AI Assistant will eventually have all sorts of “skills,” but today its main skill is creating new sections in an existing Webflow site. It lives in the right side of the Designer and looks like this:
I’m writing this post after our public beta launch at Webflow Conf 2024. It felt like a good time to reflect on the ups and downs of developing an AI feature at Webflow.
The AI Assistant launch was great!
This post spends a lot of time exploring the challenges we faced while developing AI Assistant, but – spoiler alert – I want to say up front that this story has a happy ending. The AI Assistant launch went off without a hitch and our post-launch product-market fit score (41%) surpassed all expectations.
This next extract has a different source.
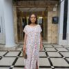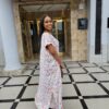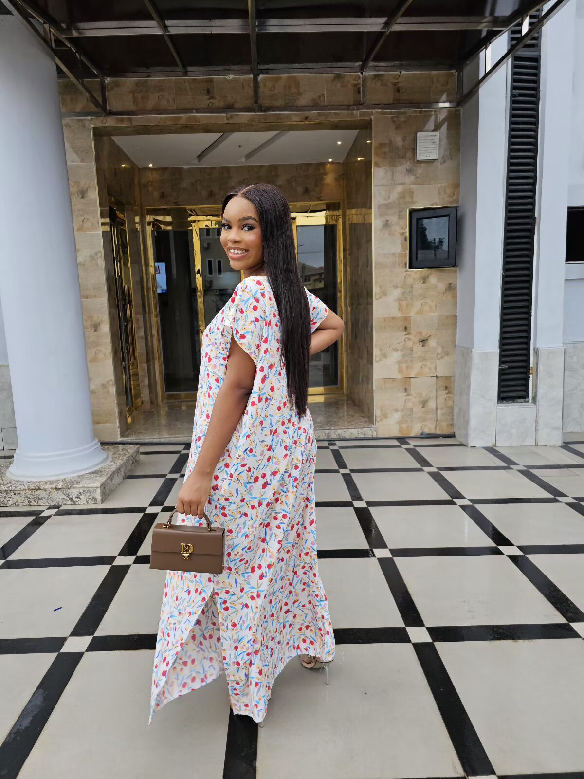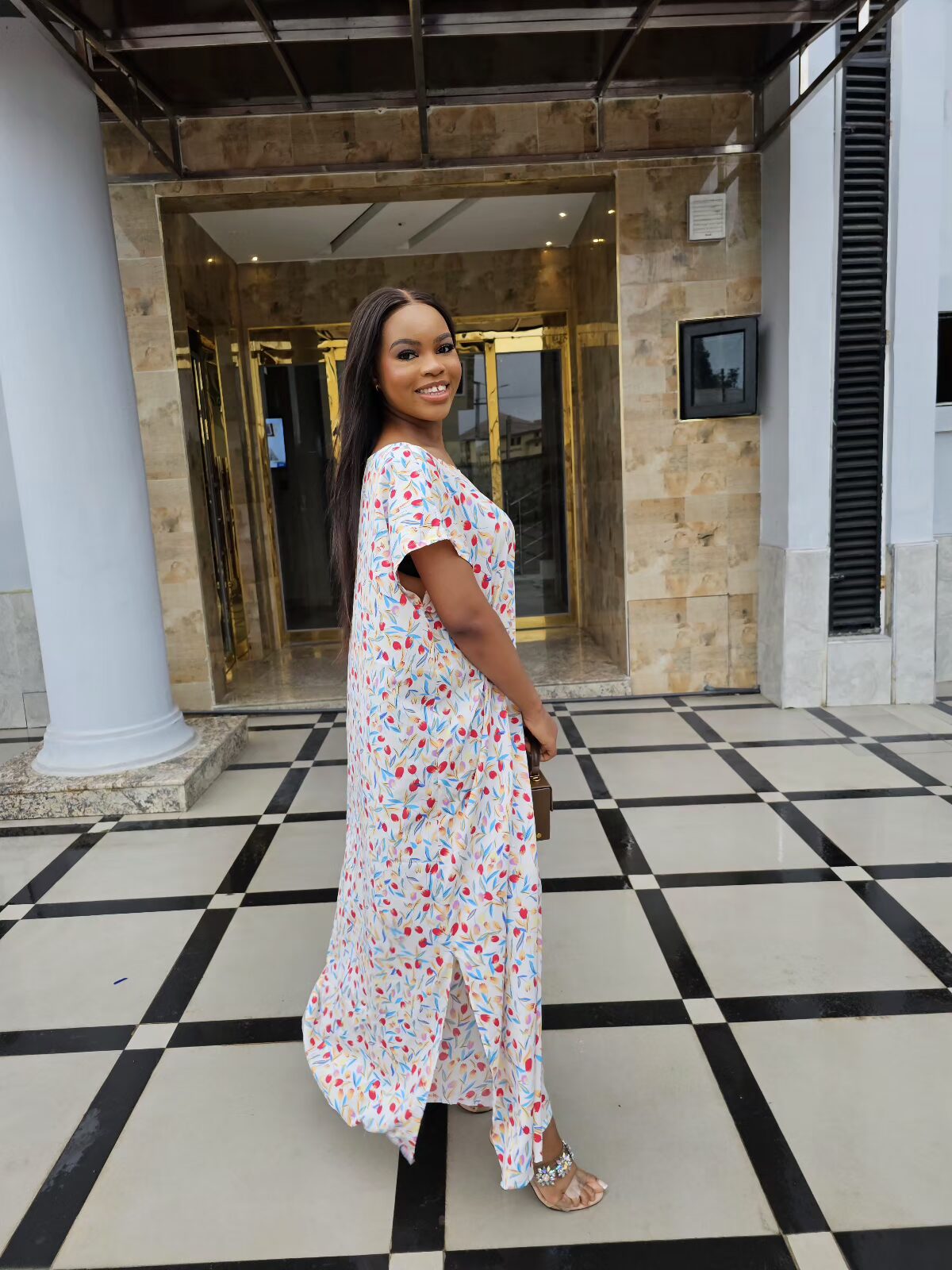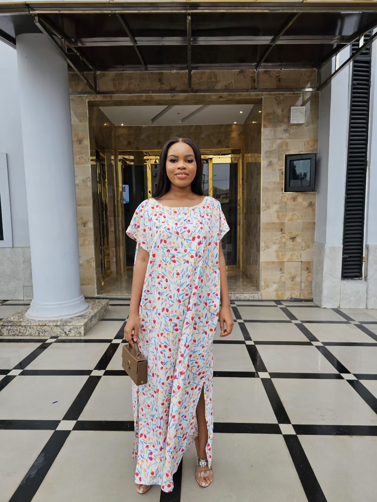 BLUE WIDE SLEEVES RUFFLE INSERT DRESS

Pulling this off required herculean efforts from the newly-formed Applied AI team. I’m forced to use the unspeakably cringey “flying the plane while we’re building it” metaphor — this team had to figure out so many new things about AI product development while at the same time tackling an extremely ambitious AI product.Â
As a result of this team’s efforts we’ve launched the AI Assistant and its first “skill,” section generation. In addition, we’ve accumulated the AI-specific infrastructure, processes, and institutional knowledge that will accelerate the addition of many more AI Assistant skills in the near future. A smashing success all around!
But we got sucked into many “AI traps”
Although it had a happy ending, the AI Assistant story also had its dramatic setbacks. And while all software projects have setbacks, I couldn’t shake the feeling that this project had unique setbacks — things that seemed specific to AI projects. The typical advice around software development, especially around agile software development, seemed so much harder to apply to this project.
I kept coming back to four “AI traps” that seemed to constantly nudge this project away from quick, iterative, experimental development toward large, risky, waterfall-style development. And while I think there were other factors that were outside our control (e.g., we simply couldn’t have built today’s AI Assistant using 2023’s state-of-the-art models) — these traps explain a good chunk of our AI Assistant delays.
Trap 1: Overestimating current AI abilities
It’s very tempting to assume that we’re about five minutes away from an AI apocalypse. Every morning I wake up to a deluge of Slacks/emails/Tweets announcing new state-of-the-art models, trailblazing AI tools, and magical demos. Even the AI detractors are usually in the “AI is too powerful” camp.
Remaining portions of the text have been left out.